Inspired by this thread: DIY ADA'esk cabinet 610x510x636 | UK Aquatic Plant Society
I decided to plan my future tank and cabinet. I want a 100x60x60 opti tank, and so I decided to project the cabinet to hold it.

I'm going to use 25mm thickness MDF, probably having it cut at the local DIY store.

I used Max Cut V2 (MaxCut 2) which is a free software to plan the cuts and Google Sketchup to make the 3D project.








Here is the Sketchup file
Dropbox - tank_cabinet.skp

What do you think? would it be able to withstand the weight? Are my screw locations sufficient?

Thank you


----------



## sa80mark (31 Dec 2013)

Looks perfect to me, more than enough screws especially if your gluing it as well also 25mm mdf is spot on, are you planning to use 18mm front ? As 25mm doors are so heavy they will put a huge stress on the hinges


----------



## Greenfinger2 (31 Dec 2013)

HI PedroB , Looks great  And by the look of your design it will hold the weight . One thing the screws on the top will you be sinking them in a bit so they are flush with the surface ?? Silly Q i know  But thought i would ask


----------



## PedroB (31 Dec 2013)

sa80mark, good question, I was planning on using 25mm for the doors all the same since I was going to use 2x 2440mmX1220mm MDF, but I'm going to see if it makes any difference in the cutting plans, if removing the doors and plinth allows me to save a board I'll buy an 18mm board instead 

Thank you Greenfinger2, it's not silly since some people may not be as good at DIY as others, that's a good pointer  I'm going to drill guide holes and sink the screw heads 1 or 2mm and fill the gaps with wood filler.

Ultimately I'll either seal and paint it or laminate it with vinyl.


----------



## parotet (31 Dec 2013)

Hi, I finished my ADA style cabinet last week. You can see it in the Journal's thread (tank #2). I was also inspired by (well, let's say I copied) other members cabinets.

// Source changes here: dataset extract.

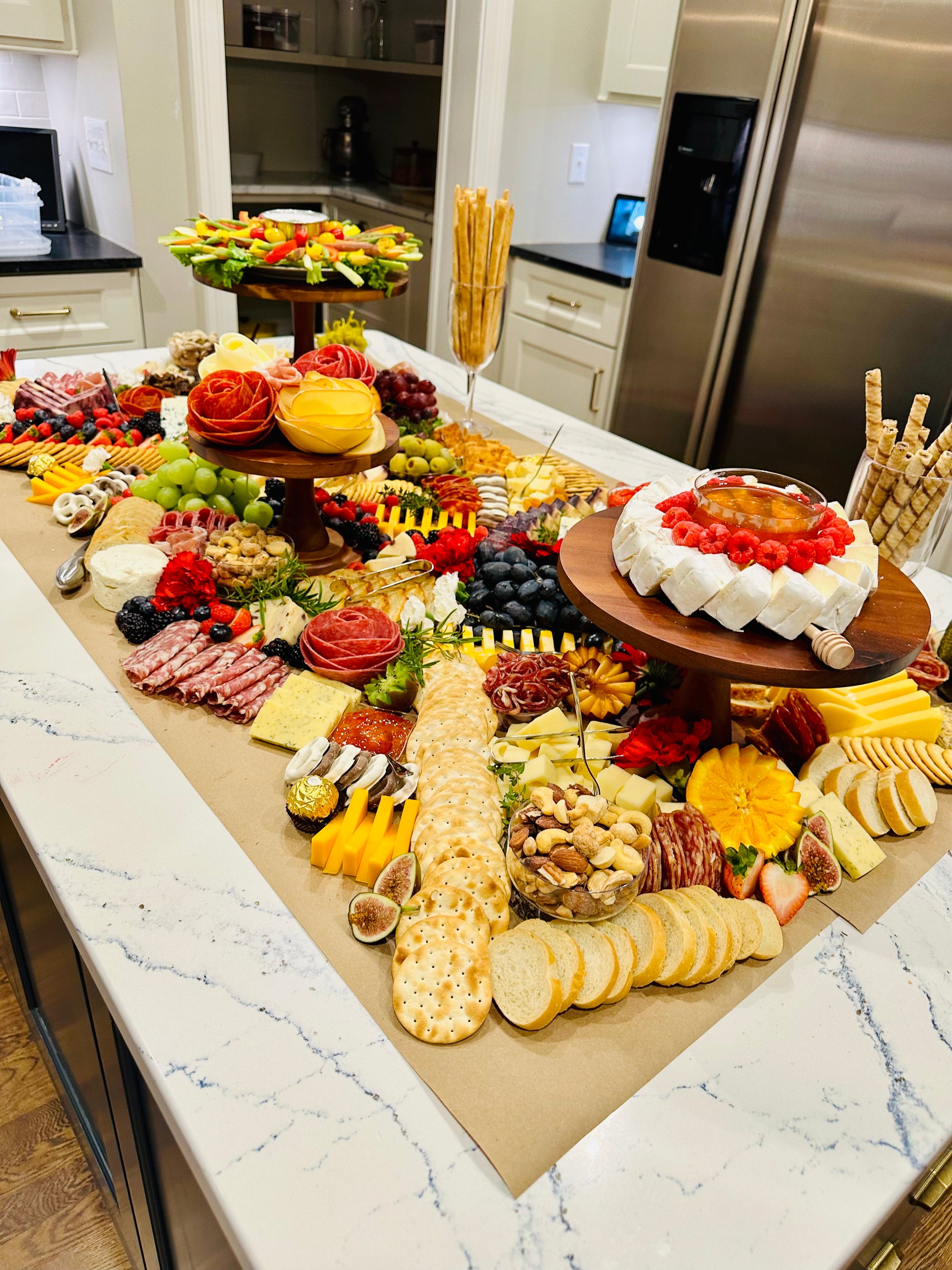 BozaBoards’ 5ft graze table is a grand and visually stunning spread, perfect for larger gatherings that demand both elegance and indulgence. Designed to serve a crowd, this table features a generous selection of artisan cheeses, gourmet cured meats, fresh and dried fruits, nuts, olives, honey, specialty dips, and an assortment of crackers and fresh bread.

I used MDF 19 mm, but it was for a 60 cm tank... Anyway I think it is hard enough for a bigger tank. IMO 25 mm doors will be to heavy. Regarding screws I was advised not to pre-drill the wood but to use special screws for wood... Sorry don't know the name in English, these screws are prepared for wood, they can be screwed very easily on MDF. I used plenty of them, at least one each 20 cm, and then covered them with wood filler.


----------



## parotet (31 Dec 2013)

Here's a picture, just in case it helps... Bad picture but you can see some details if you make a zoom.


----------



## PedroB (31 May 2014)

Hello everyone,

Just tought I'd post an update:

Had to compromise for an 80cm tank. My local diy store only stocked 18mm MDF so I went with that, unfortunately I had to redo my math on the spot for the measurements and in the midst of it I forgot to have the back of the cabinet cut.

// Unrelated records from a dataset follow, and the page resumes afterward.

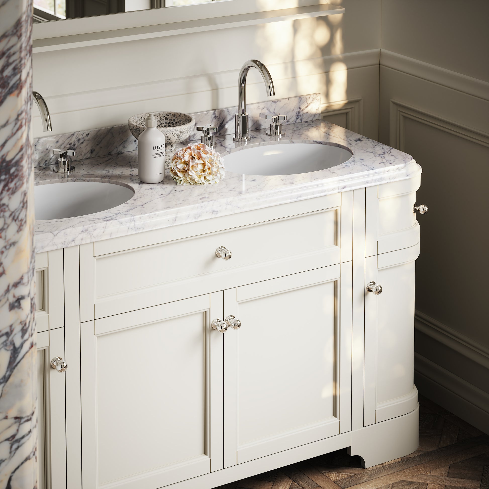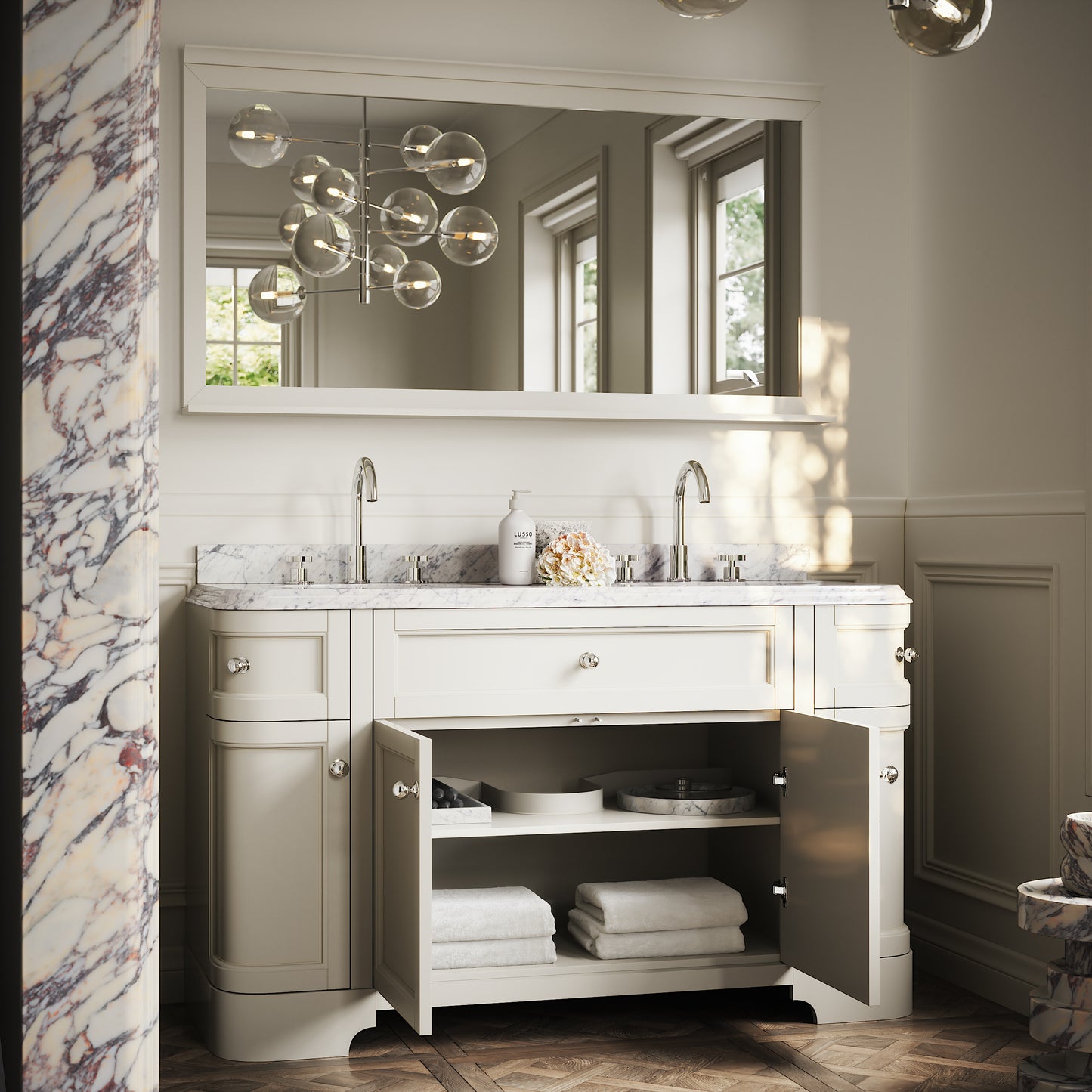 The soft curves, bold shapes and intricate finishings make the Connaught Double Vanity Unit the perfect bathroom addition for couples or families, taking design notes from the 1920s and fusing it with modern interior design.
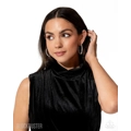 The front facing surface of a chunky gunmetal hoop is dipped in brilliantly sparkling rhinestones while light-catching texture wraps around the back. The interior of the hoop features the opposite pattern, creating the illusion of a full hoop of blinding rhinestones. Earring attaches to a standard post fitting. Hoop measures 1 3/4" in diameter.
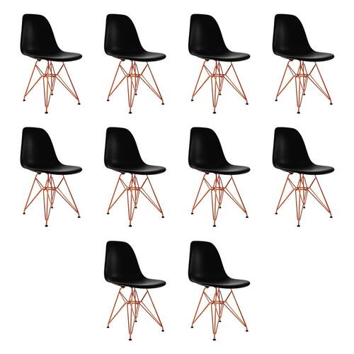 Kit 10 Cadeiras Jantar Assento Preto Eiffel Eames Base Ferro Cobre - Laranja
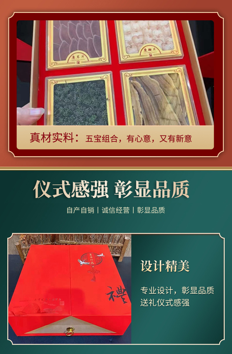 吉林长白山特产人参鹿茸鹿鞭礼盒双层五宝礼盒送长辈过节伴手礼
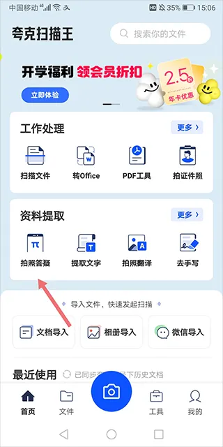 3、随后应用便会展示出解题思路与答案 4、而且并非只有一种解题思路,而是提供多种不同的思路 5、用户还能点击【继续拍题】,以免费方式继续搜索题目并获取解答 夸克扫描王的优势 1、夸克扫描王是一款高效的文件处理软件,能让纸质文件摆脱限制,通过手机便捷扫描并自动优化,让文件整理更智能 2、文字识别功能强劲,只需简单一扫,文字即可自动识别,准确无误,还能精准还原纸质文件的排版 3、助力学习更轻松:试卷可擦除手写笔迹以便重新练习,课堂PPT讲义能智能裁剪并去除摩尔纹
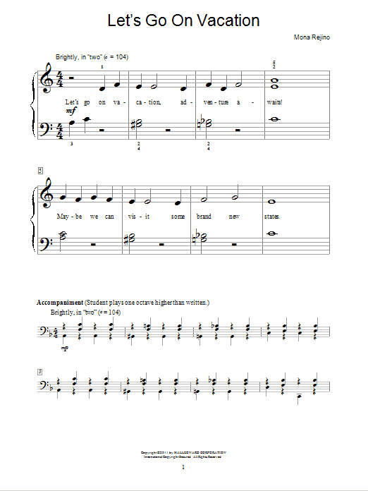 Download or print Mona Rejino Let's Go On Vacation sheet music, chords and digital score arranged for Educational Piano. This Children score includes 3 page(s).
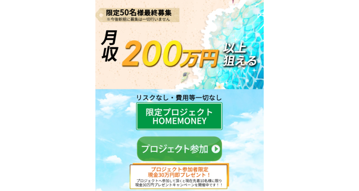 ホームマネーは、何もせずに「お金」と「時間」を手に入れられるという言葉を謳い文句にしたプロジェクトです。

Fortunately I brought all the "scrap" MDF home and two of the pieces were about enough to cover the back and still offer good weight bearing.

The doors were badly measured and cut, so I had to take a hacksaw to them, which kinda mangled them a bit, but nothing that some filler and maybe a wood trim won't hide.

In my impatience I just took two pictures until now.

http://imgur.com/a/TnIdm

Next steps are filling, sanding, painting and finally, hanging the doors.


----------



## PedroB (4 Jun 2014)

Here's the finished cabinet. I wrapped it in self adhesive wood grain paper. 3 rolls did the job. Looks like wood from afar and hides imperfections really well.


----------



## Wallace (4 Jun 2014)

Looks good, was it Dark Walnut you used? Looks identical in colour and finish as my DIY cabinet. 


Sent from my iPhone using Tapatalk


----------



## PedroB (4 Jun 2014)

I think it might be. I bought the darkest wood grain they sold at my local B&Q, it sure does look like yours


----------



## kirk (7 Jan 2015)

Nice Pedro.great job.


----------